** YOUR GOAL **
Starting at the line that contains "The CONENTOOL cordless" in the listing below, write out every line word for word until you have written the line that contains "Solder specifications:260°C for 5 seconds".

** LISTED ENTRIES **
++++++++
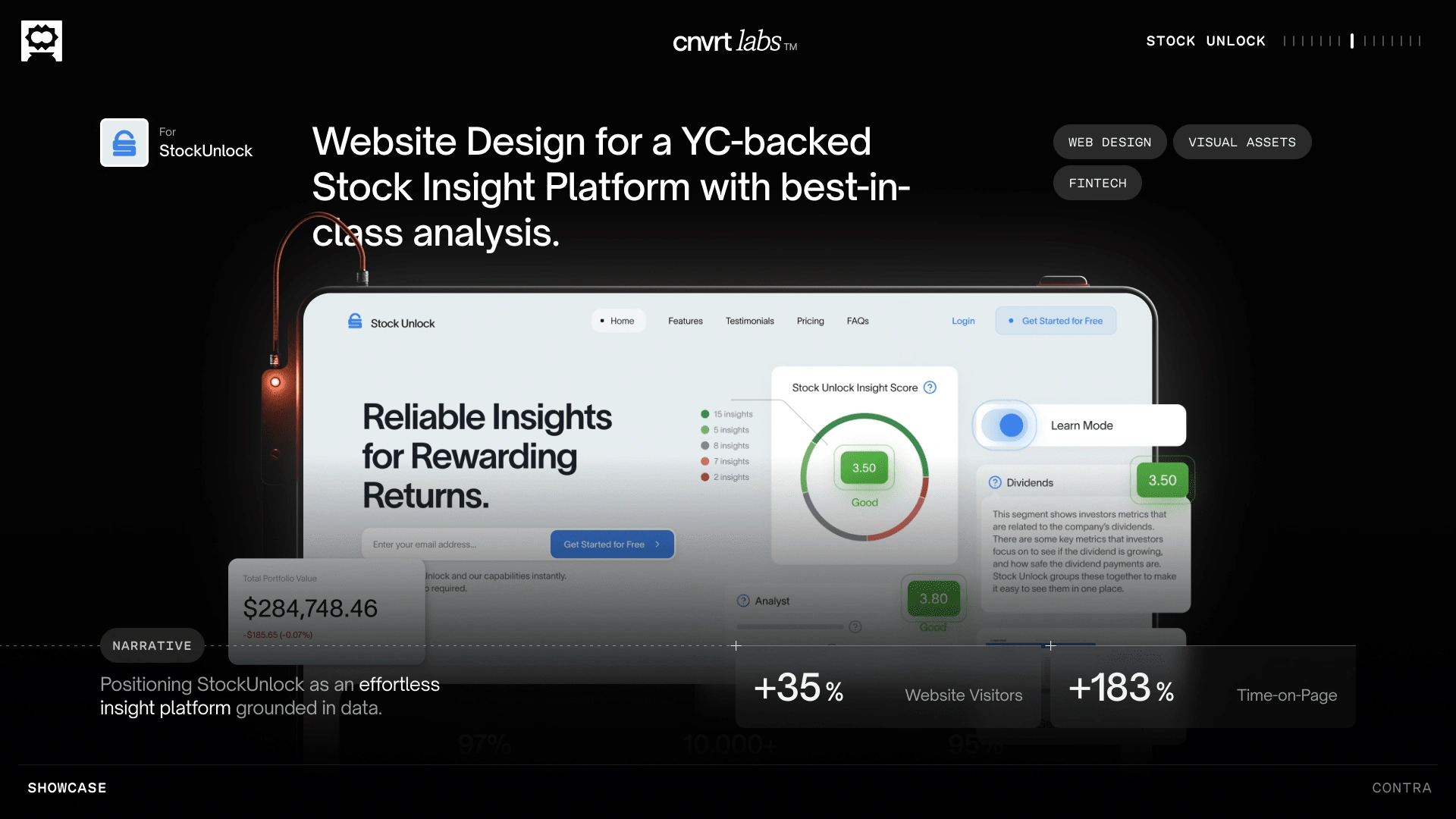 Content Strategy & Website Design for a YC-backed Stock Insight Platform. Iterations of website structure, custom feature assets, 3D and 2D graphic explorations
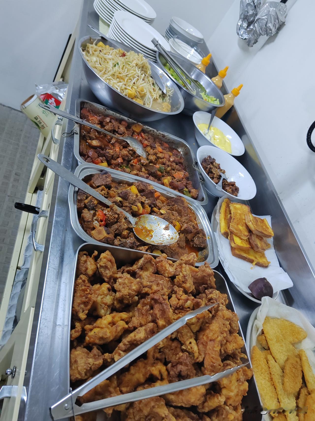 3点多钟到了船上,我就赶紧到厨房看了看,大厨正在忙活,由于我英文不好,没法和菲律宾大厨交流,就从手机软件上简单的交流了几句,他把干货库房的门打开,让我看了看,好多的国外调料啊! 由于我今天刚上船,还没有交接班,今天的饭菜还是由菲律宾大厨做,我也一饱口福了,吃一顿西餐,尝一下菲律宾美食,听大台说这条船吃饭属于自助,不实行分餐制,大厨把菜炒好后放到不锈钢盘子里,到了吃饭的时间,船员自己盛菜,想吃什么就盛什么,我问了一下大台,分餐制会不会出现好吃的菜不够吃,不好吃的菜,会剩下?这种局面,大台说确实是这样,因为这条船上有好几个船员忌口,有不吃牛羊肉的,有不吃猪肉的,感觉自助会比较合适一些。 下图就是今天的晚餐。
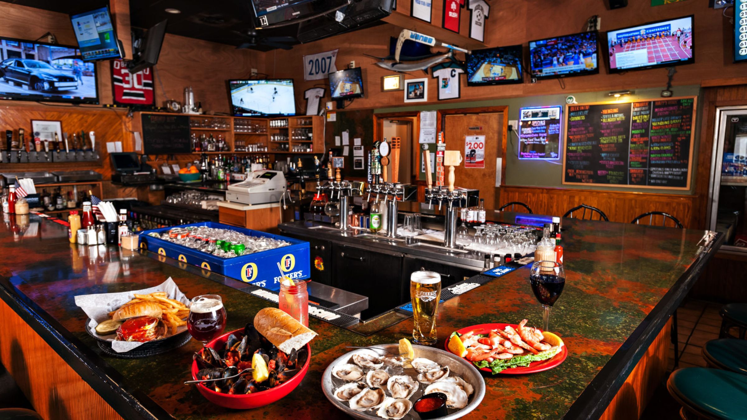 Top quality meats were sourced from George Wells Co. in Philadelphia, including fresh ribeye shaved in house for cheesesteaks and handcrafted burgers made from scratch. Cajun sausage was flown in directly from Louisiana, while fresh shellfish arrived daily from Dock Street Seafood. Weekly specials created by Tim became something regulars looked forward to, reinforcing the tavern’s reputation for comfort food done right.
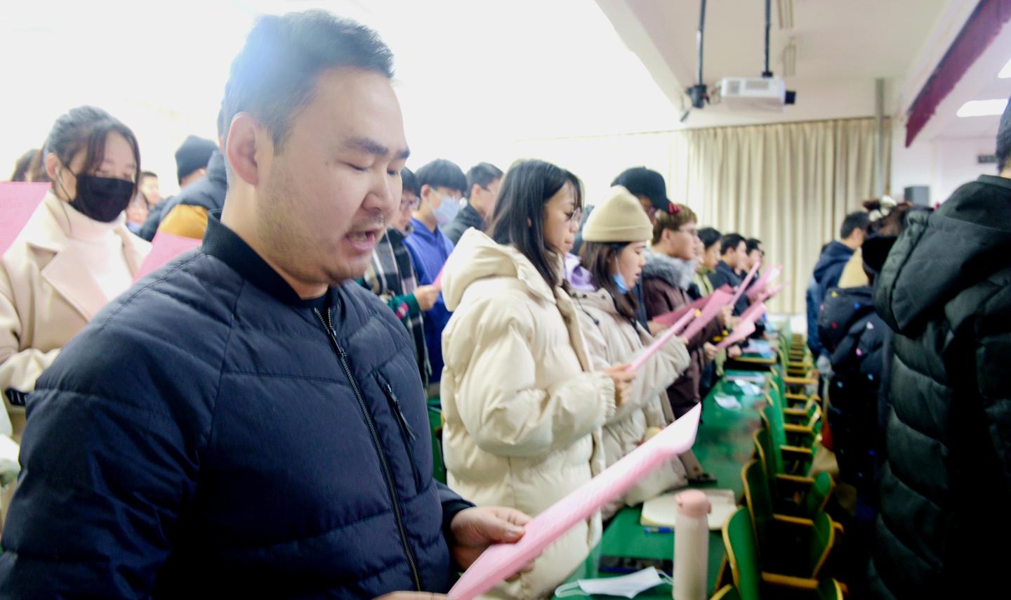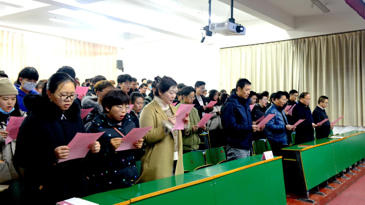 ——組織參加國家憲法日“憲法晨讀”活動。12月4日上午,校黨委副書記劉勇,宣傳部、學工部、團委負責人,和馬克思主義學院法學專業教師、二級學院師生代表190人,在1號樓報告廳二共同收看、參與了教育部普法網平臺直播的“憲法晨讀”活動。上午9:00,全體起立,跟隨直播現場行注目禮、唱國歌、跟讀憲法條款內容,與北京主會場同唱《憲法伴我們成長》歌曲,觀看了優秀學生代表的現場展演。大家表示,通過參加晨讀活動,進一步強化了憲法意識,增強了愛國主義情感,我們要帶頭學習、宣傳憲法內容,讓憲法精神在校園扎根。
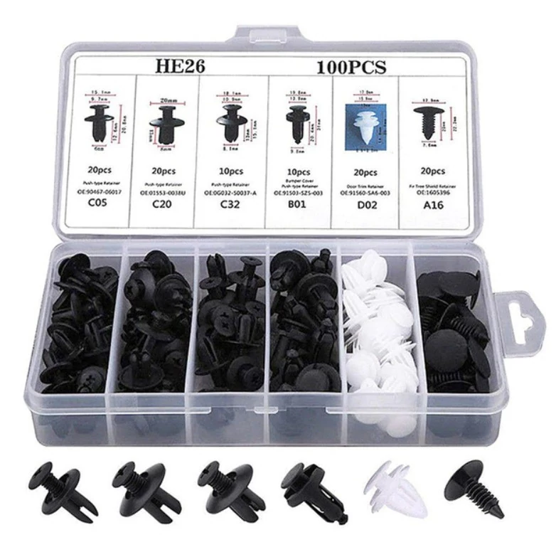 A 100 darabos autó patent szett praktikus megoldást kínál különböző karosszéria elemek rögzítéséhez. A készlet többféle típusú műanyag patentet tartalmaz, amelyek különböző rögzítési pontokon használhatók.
++++++++
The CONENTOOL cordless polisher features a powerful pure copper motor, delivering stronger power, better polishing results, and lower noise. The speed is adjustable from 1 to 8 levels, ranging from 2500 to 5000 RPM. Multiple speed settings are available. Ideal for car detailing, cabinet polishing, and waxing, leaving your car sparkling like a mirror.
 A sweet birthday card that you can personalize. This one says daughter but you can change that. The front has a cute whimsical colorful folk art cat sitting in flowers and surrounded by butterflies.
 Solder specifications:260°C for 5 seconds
++++++++
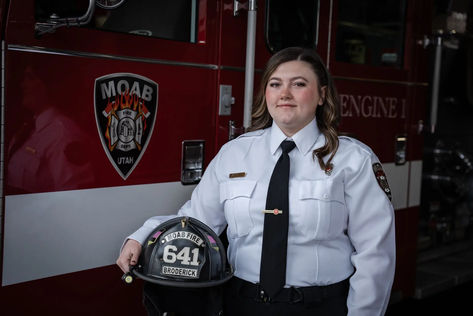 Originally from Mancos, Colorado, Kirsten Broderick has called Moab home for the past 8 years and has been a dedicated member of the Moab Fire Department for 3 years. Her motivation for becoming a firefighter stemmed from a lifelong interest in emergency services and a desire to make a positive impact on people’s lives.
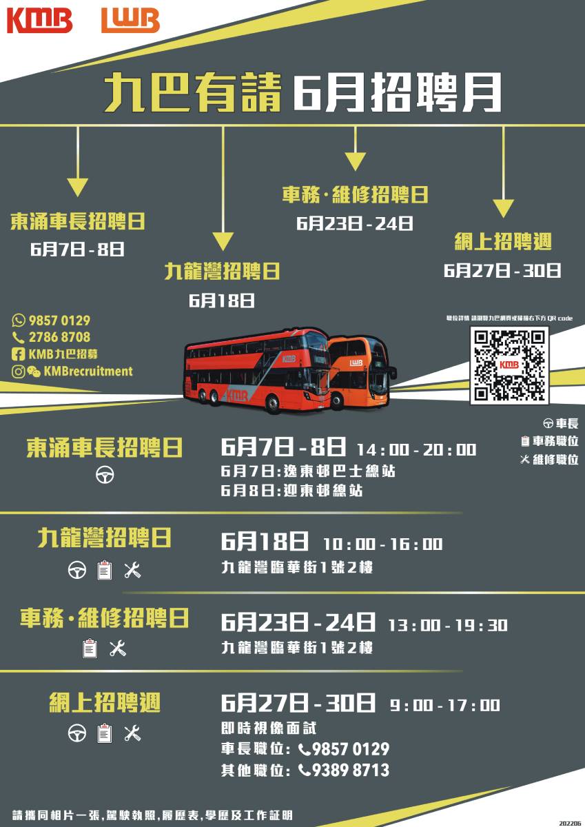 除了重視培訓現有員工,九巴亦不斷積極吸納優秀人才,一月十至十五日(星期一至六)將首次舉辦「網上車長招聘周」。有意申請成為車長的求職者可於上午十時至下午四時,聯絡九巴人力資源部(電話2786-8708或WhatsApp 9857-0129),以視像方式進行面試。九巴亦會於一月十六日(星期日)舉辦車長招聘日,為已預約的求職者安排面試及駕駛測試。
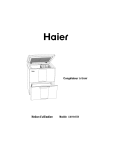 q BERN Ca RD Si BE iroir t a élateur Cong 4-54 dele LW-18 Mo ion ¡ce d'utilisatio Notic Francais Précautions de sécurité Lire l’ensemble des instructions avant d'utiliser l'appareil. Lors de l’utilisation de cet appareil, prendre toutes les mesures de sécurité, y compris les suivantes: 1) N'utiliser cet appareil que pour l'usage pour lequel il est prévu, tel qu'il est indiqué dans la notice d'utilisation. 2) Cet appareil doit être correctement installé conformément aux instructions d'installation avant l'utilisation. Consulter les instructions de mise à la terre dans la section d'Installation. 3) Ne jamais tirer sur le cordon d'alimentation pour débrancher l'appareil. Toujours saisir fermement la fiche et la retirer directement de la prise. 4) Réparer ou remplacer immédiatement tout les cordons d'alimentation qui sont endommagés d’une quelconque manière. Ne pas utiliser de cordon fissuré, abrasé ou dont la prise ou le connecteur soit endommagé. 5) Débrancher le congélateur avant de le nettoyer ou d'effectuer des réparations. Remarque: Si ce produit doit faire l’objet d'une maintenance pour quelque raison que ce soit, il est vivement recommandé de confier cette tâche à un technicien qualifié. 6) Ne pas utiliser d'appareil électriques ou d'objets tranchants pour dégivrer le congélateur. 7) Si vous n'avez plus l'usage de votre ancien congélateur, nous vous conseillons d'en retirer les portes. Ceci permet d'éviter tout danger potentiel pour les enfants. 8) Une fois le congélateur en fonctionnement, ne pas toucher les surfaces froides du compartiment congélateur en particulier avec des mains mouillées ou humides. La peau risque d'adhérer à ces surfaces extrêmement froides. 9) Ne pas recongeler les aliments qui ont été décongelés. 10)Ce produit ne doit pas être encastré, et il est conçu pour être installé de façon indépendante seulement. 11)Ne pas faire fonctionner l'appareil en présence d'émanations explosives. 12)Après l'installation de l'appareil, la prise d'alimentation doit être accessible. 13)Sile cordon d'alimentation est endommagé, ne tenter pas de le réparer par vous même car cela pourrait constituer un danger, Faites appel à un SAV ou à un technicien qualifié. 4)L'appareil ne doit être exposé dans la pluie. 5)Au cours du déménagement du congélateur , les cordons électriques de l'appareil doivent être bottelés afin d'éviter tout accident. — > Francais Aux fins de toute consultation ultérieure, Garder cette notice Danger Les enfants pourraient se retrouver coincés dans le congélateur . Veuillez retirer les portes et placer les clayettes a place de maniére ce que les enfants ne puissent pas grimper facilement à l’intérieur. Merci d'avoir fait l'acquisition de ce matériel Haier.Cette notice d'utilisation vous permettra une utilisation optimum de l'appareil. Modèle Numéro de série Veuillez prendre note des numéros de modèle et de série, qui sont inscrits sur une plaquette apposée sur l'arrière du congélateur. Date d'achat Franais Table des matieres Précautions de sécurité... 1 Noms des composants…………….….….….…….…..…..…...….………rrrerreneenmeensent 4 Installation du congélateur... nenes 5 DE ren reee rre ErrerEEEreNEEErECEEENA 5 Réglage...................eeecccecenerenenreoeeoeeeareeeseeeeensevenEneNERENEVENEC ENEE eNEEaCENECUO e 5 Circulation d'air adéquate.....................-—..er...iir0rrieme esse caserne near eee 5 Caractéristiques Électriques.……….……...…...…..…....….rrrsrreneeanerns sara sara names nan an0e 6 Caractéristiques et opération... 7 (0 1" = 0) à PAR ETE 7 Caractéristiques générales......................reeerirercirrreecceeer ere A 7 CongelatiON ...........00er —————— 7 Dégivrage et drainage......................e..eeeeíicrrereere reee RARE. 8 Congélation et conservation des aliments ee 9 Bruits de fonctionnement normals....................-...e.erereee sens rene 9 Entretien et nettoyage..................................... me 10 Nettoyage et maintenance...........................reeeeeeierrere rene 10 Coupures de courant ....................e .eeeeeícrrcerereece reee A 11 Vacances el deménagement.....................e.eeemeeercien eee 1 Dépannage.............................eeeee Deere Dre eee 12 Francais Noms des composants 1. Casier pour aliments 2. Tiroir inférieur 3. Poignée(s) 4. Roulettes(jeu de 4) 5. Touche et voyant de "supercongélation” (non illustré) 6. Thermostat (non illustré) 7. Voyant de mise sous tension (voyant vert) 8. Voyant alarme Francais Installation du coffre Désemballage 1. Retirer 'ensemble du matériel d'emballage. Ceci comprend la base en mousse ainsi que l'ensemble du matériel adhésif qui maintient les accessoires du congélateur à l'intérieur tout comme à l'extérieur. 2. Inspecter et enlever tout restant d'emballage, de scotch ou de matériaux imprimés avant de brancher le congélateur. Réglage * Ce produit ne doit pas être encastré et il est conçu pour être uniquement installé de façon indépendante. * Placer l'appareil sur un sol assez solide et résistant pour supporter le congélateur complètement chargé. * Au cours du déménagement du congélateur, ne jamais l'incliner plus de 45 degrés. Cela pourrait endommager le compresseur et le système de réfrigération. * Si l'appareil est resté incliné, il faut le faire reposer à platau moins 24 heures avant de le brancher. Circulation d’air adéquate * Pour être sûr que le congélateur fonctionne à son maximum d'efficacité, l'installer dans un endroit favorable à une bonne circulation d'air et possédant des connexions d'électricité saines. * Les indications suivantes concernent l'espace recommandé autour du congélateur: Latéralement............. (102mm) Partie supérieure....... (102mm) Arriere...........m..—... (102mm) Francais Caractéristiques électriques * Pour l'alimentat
++++++++
** SOLUTION TO THIS EXERCISE **
The CONENTOOL cordless polisher features a powerful pure copper motor, delivering stronger power, better polishing results, and lower noise. The speed is adjustable from 1 to 8 levels, ranging from 2500 to 5000 RPM. Multiple speed settings are available. Ideal for car detailing, cabinet polishing, and waxing, leaving your car sparkling like a mirror.
 A sweet birthday card that you can personalize. This one says daughter but you can change that. The front has a cute whimsical colorful folk art cat sitting in flowers and surrounded by butterflies.
 Solder specifications:260°C for 5 seconds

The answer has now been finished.